South Korea’s central bank will raise its key interest rate again on Thursday to fight inflation, according to a Reuters poll of economists, but they are divided on how high borrowing costs will be by year-end.
Inflation in South Korea accelerated to an almost 24-year high in July of 6.3 percent and was expected to continue to rise for a few more months, leaving the Bank of Korea (BOK) with little choice but to remain aggressive.
All but one of the 36 economists polled Aug. 16-22 forecast the Bank of Korea will raise its policy rate by 25 basis points to 2.50 percent at its Aug. 25 meeting. One expected a 50 basis point hike.
If the majority view prevails, it would take rates to twice where it was before the pandemic.
“With headline inflation accelerating in July and core inflation rising, containing price pressures will remain a top priority, with rate hikes on the cards,” noted Krystal Tan, economist at ANZ.
“We maintain that the BOK’s rate hiking cycle will end in 2022.”
Although inflation was expected to peak soon, and with stronger growth headwinds, economists were divided on where rates would be by the year-end. Three said the central bank would stop at 2.5 percent, half of respondents said at 2.75 percent, 14 said 3 percent and one had a 3.25 percent forecast.
Most economists expected the central bank to then stop, making it one of the first major Asian central banks to end its monetary policy tightening.
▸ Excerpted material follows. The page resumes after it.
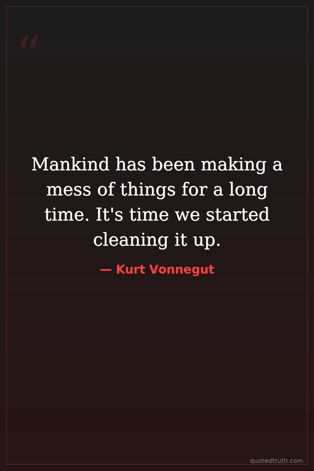 Mankind has been making a mess of things for a long time. It's time we started cleaning it up.

The Reserve Bank of New Zealand, Reserve Bank of Australia and Reserve Bank of India are not expected to reach their peak rates until 2023.
“The BOK was really on the front foot when it came to the need for monetary policy normalization. So, the fact we are expecting them to slow is really a trend we expect to see from other central banks in our region as well,” said Katrina Ell, senior economist at Moody’s Analytics.
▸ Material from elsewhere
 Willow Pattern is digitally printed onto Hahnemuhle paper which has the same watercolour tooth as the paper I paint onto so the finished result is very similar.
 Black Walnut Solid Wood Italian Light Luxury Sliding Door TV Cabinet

Nearly 90 percent of respondents, 30 of 34, who answered an additional question expected a 25 basis point hike in October but 53 percent expected no rise in November.
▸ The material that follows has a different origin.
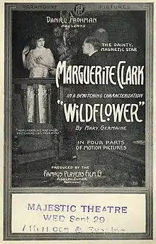 Wildflower was a 1914 American silent romantic drama film produced by Adolph Zukor and directed by Allan Dwan. It stars stage actress Marguerite Clark in her first motion picture. Clark would be one of the few stage stars to go on to superstardom in silent pictures.[1] The film is now presumed lost.[2]
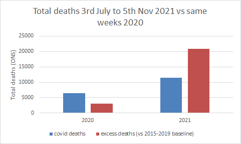 Le nombre de décès chez des particuliers est également supérieur de 40,9 % à la moyenne sur cinq ans, avec 964 décès excédentaires enregistrés au cours de la semaine la plus récente, qui s’achève le 5 novembre. » (« Alarm grows as mortuaries fill with thousands of extra non-Covid deaths », UK Telegraph)

The central bank has raised rates by 175 basis points since August 2021, including by an unprecedented half a percentage point in July.
That along with worries of slowing global growth and weak Chinese import demand support the case for slowing the pace of rate hikes.
Nearly 80 percent, 21 of 27 economists expected rates to be 2.75 percent or lower by end-2023. The median showed a 25 basis point cut in the first quarter of 2024.